§ **Data provided**
--

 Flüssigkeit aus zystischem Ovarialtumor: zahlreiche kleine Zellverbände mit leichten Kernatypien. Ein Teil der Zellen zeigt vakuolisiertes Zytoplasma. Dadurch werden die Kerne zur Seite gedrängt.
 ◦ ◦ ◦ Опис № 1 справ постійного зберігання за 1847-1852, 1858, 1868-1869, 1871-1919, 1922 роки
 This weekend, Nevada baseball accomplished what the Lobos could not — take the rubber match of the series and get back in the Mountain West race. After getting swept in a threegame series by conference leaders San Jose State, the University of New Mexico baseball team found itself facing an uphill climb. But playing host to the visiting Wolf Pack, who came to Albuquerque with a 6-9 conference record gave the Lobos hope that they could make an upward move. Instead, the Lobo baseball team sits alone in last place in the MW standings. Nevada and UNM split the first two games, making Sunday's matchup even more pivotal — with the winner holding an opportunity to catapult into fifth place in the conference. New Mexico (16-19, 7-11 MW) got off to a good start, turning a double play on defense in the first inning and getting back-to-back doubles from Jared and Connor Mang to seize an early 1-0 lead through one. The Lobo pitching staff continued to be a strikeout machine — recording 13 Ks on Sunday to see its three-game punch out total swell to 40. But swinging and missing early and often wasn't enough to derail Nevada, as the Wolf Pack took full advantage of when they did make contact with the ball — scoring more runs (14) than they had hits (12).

--

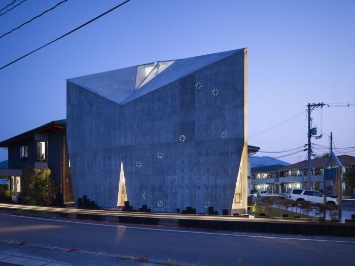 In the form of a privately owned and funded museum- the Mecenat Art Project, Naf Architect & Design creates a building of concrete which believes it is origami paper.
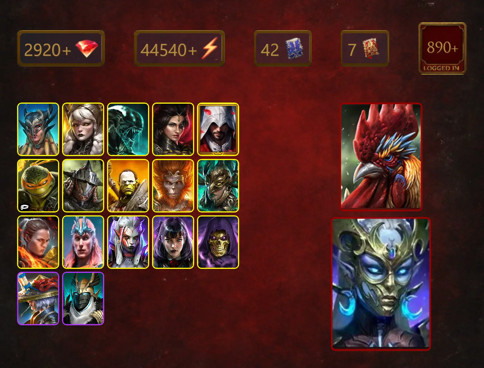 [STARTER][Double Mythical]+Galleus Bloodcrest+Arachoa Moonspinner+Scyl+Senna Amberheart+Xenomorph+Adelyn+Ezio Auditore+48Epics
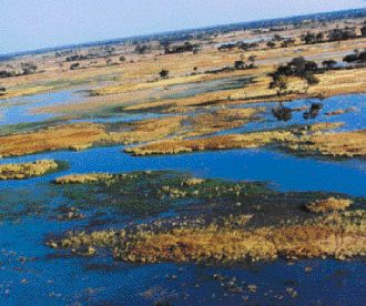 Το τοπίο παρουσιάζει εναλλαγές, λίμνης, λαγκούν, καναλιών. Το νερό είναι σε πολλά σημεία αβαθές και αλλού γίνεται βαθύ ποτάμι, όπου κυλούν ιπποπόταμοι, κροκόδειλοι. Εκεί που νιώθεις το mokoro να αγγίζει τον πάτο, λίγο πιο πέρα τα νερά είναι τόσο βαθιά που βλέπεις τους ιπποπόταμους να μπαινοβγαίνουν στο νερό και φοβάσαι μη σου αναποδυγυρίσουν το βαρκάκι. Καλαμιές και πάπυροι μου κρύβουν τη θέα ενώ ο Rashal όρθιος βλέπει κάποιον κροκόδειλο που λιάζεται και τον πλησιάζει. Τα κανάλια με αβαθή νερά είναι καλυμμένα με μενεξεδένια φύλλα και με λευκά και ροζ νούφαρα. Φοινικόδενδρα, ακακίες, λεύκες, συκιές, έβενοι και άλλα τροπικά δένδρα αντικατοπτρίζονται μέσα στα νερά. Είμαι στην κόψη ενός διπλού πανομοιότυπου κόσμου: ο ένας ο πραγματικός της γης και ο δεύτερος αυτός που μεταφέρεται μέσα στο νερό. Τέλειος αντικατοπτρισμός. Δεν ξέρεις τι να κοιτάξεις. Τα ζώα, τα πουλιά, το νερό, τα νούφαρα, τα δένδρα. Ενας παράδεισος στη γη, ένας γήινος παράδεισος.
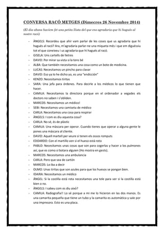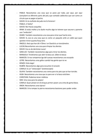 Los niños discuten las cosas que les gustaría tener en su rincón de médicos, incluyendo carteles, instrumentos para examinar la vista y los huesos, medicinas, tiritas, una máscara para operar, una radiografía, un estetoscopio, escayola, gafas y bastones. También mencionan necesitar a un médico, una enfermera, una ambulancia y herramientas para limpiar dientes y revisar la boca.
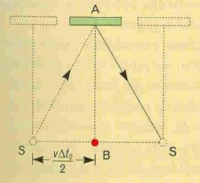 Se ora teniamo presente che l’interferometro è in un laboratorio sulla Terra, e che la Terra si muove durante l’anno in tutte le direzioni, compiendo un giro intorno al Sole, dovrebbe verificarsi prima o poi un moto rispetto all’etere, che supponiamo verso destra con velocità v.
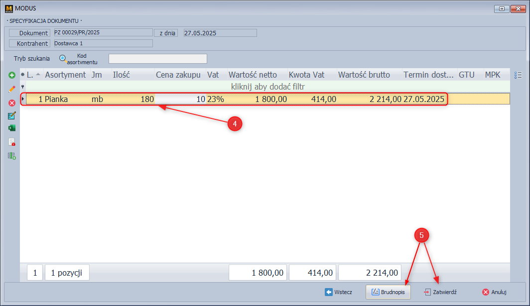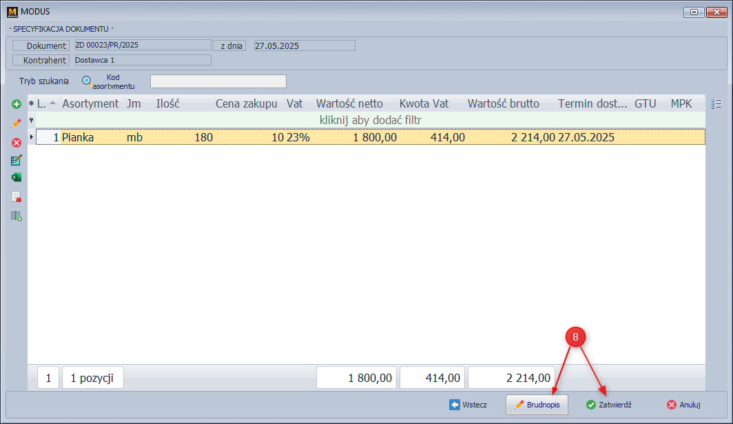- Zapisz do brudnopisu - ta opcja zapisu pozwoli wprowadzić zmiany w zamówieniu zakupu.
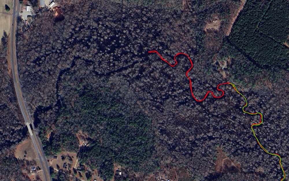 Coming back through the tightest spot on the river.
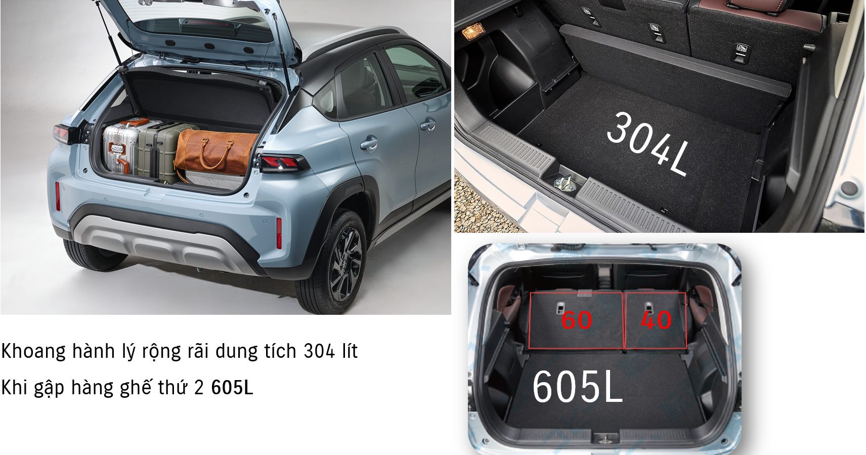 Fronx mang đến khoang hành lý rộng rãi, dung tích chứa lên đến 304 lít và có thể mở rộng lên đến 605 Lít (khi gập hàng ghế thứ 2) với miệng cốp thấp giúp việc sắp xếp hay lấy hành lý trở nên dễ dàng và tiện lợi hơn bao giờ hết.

--

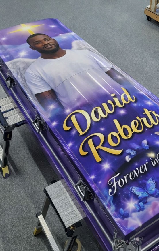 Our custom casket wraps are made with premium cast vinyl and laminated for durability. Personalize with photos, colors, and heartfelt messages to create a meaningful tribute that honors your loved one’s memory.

--

§ **What you have to do**
Starting at the line above that contains "Flüssigkeit aus zystischem", repeat each line exactly up to and including the line that contains "1871-1919, 1922 роки", and stop there.

§ **Written solution**
 Flüssigkeit aus zystischem Ovarialtumor: zahlreiche kleine Zellverbände mit leichten Kernatypien. Ein Teil der Zellen zeigt vakuolisiertes Zytoplasma. Dadurch werden die Kerne zur Seite gedrängt.
 ◦ ◦ ◦ Опис № 1 справ постійного зберігання за 1847-1852, 1858, 1868-1869, 1871-1919, 1922 роки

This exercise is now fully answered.